__TASK GOAL__. Your copy should hold only the lines from the one with "Het perceel waarop" to the one with "Σε συνεργασία με", both included, each exactly as it stands below, with no pictures.

__MATERIAL FOR THIS EXERCISE__.

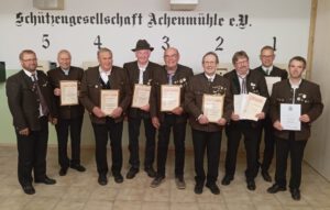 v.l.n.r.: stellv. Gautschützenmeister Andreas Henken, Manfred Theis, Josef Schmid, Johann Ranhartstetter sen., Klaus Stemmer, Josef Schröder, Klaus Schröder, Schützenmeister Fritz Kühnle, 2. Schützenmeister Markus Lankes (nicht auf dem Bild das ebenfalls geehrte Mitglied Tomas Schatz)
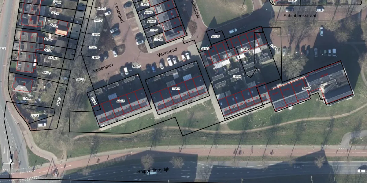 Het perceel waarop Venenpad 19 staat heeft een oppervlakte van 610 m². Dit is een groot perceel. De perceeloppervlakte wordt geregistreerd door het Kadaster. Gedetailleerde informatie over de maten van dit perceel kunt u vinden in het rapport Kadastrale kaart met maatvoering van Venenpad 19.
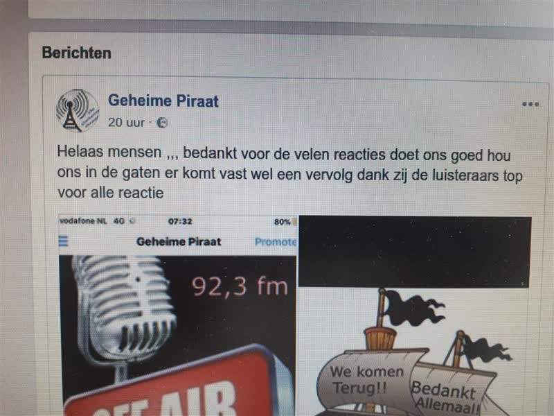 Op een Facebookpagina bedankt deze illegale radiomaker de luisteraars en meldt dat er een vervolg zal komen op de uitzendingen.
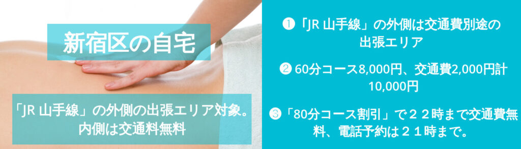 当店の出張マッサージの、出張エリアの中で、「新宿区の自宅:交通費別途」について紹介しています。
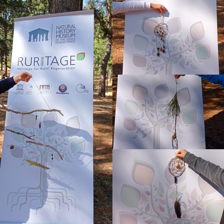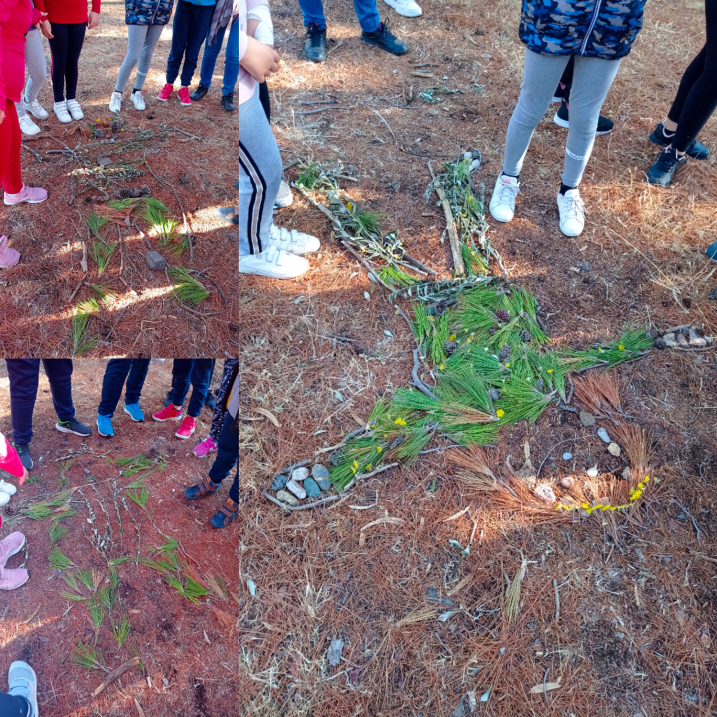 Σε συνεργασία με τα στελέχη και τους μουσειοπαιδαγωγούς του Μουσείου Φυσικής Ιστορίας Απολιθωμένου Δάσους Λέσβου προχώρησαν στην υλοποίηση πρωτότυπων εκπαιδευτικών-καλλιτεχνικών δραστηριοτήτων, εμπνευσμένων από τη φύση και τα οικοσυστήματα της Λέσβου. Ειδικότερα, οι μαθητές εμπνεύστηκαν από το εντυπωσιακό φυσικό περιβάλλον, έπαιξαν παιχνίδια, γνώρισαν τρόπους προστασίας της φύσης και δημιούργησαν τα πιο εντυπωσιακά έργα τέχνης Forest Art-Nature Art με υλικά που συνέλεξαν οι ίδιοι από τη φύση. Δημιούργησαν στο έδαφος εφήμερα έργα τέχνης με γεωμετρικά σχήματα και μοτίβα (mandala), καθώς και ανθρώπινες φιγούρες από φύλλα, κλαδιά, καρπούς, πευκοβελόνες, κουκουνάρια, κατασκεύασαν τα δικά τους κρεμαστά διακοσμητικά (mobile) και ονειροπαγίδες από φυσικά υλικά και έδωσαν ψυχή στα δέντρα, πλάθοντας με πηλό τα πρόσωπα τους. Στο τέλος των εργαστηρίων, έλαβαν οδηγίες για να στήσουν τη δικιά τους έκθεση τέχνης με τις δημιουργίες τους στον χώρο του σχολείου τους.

--

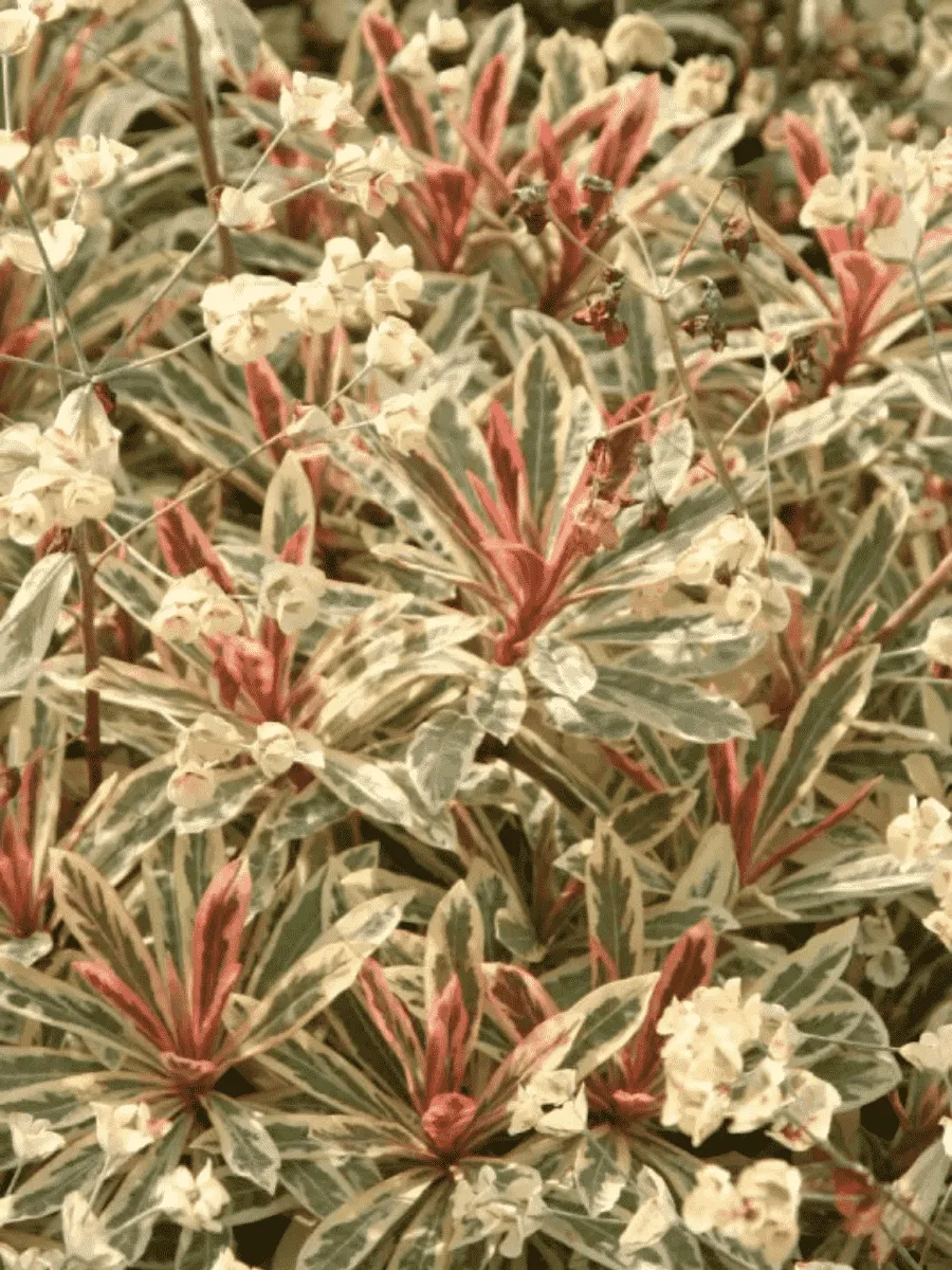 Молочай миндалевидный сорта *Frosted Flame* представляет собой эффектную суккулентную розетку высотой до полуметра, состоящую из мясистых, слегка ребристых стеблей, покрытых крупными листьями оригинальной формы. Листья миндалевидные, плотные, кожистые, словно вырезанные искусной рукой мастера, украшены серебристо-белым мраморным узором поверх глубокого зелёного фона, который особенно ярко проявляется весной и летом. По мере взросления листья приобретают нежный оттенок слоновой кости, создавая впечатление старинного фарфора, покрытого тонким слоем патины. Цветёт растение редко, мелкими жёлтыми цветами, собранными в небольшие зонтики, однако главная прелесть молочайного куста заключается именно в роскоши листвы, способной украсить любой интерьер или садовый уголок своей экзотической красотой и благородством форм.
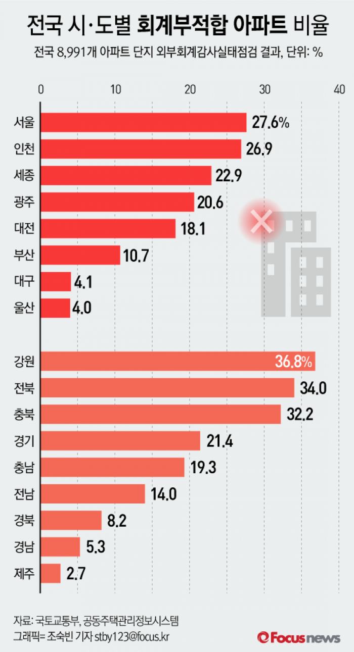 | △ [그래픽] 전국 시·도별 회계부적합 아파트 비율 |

__PROBLEM SOLUTION__.
 Het perceel waarop Venenpad 19 staat heeft een oppervlakte van 610 m². Dit is een groot perceel. De perceeloppervlakte wordt geregistreerd door het Kadaster. Gedetailleerde informatie over de maten van dit perceel kunt u vinden in het rapport Kadastrale kaart met maatvoering van Venenpad 19.
 Op een Facebookpagina bedankt deze illegale radiomaker de luisteraars en meldt dat er een vervolg zal komen op de uitzendingen.
 当店の出張マッサージの、出張エリアの中で、「新宿区の自宅:交通費別途」について紹介しています。
 Σε συνεργασία με τα στελέχη και τους μουσειοπαιδαγωγούς του Μουσείου Φυσικής Ιστορίας Απολιθωμένου Δάσους Λέσβου προχώρησαν στην υλοποίηση πρωτότυπων εκπαιδευτικών-καλλιτεχνικών δραστηριοτήτων, εμπνευσμένων από τη φύση και τα οικοσυστήματα της Λέσβου. Ειδικότερα, οι μαθητές εμπνεύστηκαν από το εντυπωσιακό φυσικό περιβάλλον, έπαιξαν παιχνίδια, γνώρισαν τρόπους προστασίας της φύσης και δημιούργησαν τα πιο εντυπωσιακά έργα τέχνης Forest Art-Nature Art με υλικά που συνέλεξαν οι ίδιοι από τη φύση. Δημιούργησαν στο έδαφος εφήμερα έργα τέχνης με γεωμετρικά σχήματα και μοτίβα (mandala), καθώς και ανθρώπινες φιγούρες από φύλλα, κλαδιά, καρπούς, πευκοβελόνες, κουκουνάρια, κατασκεύασαν τα δικά τους κρεμαστά διακοσμητικά (mobile) και ονειροπαγίδες από φυσικά υλικά και έδωσαν ψυχή στα δέντρα, πλάθοντας με πηλό τα πρόσωπα τους. Στο τέλος των εργαστηρίων, έλαβαν οδηγίες για να στήσουν τη δικιά τους έκθεση τέχνης με τις δημιουργίες τους στον χώρο του σχολείου τους.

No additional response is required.